Устав ждать счастливого случая, она решает, в который уже раз, что нужно брать собственную судьбу в свои руки. Время шло, а с ним уходили от нее навсегда так и не сыгранные роли в так и не поставленных киноопереттах и мюзиклах. Уходили Сильва и Ганна Главари, Дульсинея Тобосская и Долли… На горизонте было пусто. В музыкальных картинах, которые назревали на пороге 80-х, снимались актеры драмы, непрофессиональные исполнители, красивые статисты - кто угодно. Телевидение один за другим выстреливало водевили, где исполнители более всего озабочены были неразрешимой проблемой, куда деть руки. В пышных телевизионных шоу тяжеловесно страдали графы и княгини из Московского театра оперетты.
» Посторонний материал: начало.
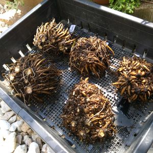 鉢植えのラックスを掘り上げました🧤 みんなちょうど片手いっぱいくらいのサイズでした♪ ムーサが分かれたがってたけど、小さくすると冬越し失敗しがちなので、そ〜っとステイ。 小さなポットに埋め戻して、雨が入り込むこともある日陰の軒下で夏越しします💤⏳️
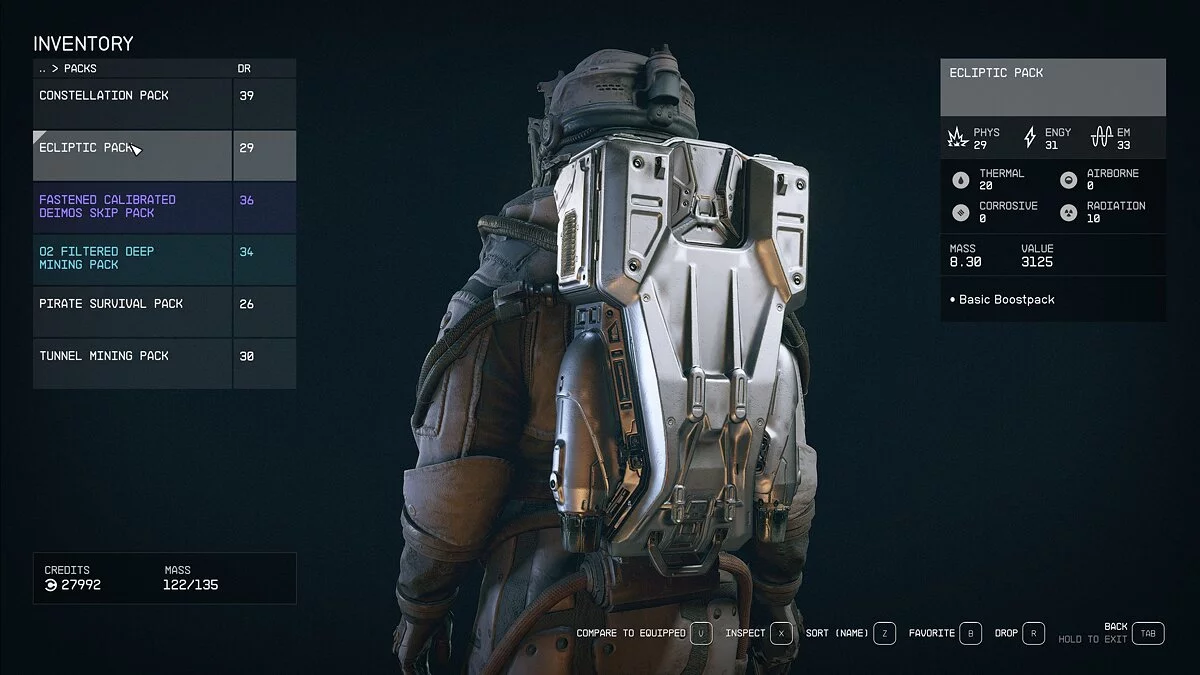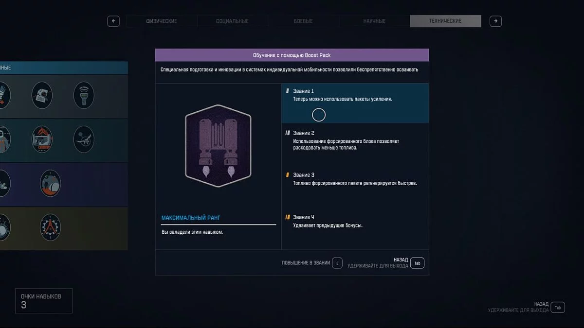 В Starfield огромное количество рюкзаков, но не каждый является бустпаком. Проверить это можно, открыв особые свойства предмета. Вы в любой момент можете изменить тип бустпака, воспользовавшись верстаком для улучшения космического скафандра. Для стабильно быстрого перемещения по локации даже с перегрузом вам понадобится максимально улучшенный навык «Бустпак» (Boost Pack) и Balanced Boost Pack.
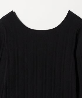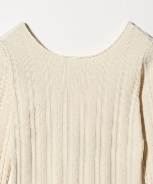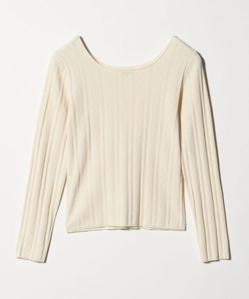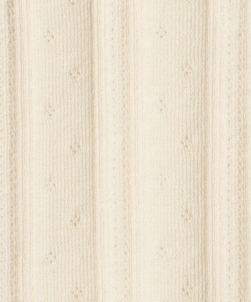 コットン×ポリエステルのさらりとした糸を使用し、総針編みにアイレット柄を施すことで、さりげない表情感をプラスしています。
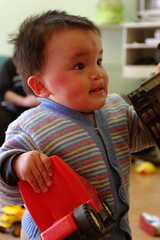 While Mike was working this afternoon Nadia and I went to the grocery store. We dropped the stuff off at the apartment and headed back out to go exploring. I wanted to do a reconnaissance trip to the other bakery to see if they offered as good or better items than the place closer to us. Next door to the bakery is a little shopping area that is made up of a bunch of little stalls selling clothes, shoes and undergarments. Nadia and I strolled through the whole place causing a commotion. One woman came up and asked if she was Chinese and I was able to tell her IN MANDRIAN, “Yes, but now she is American.” The lady said, “Hen Hao, Hen Hao.” or That’s good. There was the cutest little jammie place in there, but the large looked like a petite small. I knew they wouldn’t fit when the guy didn’t even TRY to get me to come into his stall to convince me to buy some – even though I was looking at his wares very closely. I told Mike when we got back that going through that little place made me feel like I was the size of a whale. Which is insane because I am not overweight or something. It’s a good thing I don’t worry about stuff like that or living here would give me a complex. The funniest thing is that they had a place with fancy little Victoria Secret type bras in all colors, but they all looked the size of a middle school girls training bra!

Немногие звезды нашего музыкального кино находились в затянувшемся необъяснимом простое.

Гурченко сама нашла драматургический материал - фантастическую пьесу Карела Чапека "Средство Макропулоса". Предложила сценаристу Александру Адабашьяну и режиссеру Евгению Гинзбургу идею серьезного, философского мюзикла. Увлеченно рассказывала об этой идее кинематографическому начальству, вложив в "пробивание" необычной затеи не меньше жара и таланта, чем в свои роли. И дело пошло. На "Мосфильме" запустили в производство широкоформатный стереофонический фильм с музыкой Григория Гараняна "Рецепт ее молодости".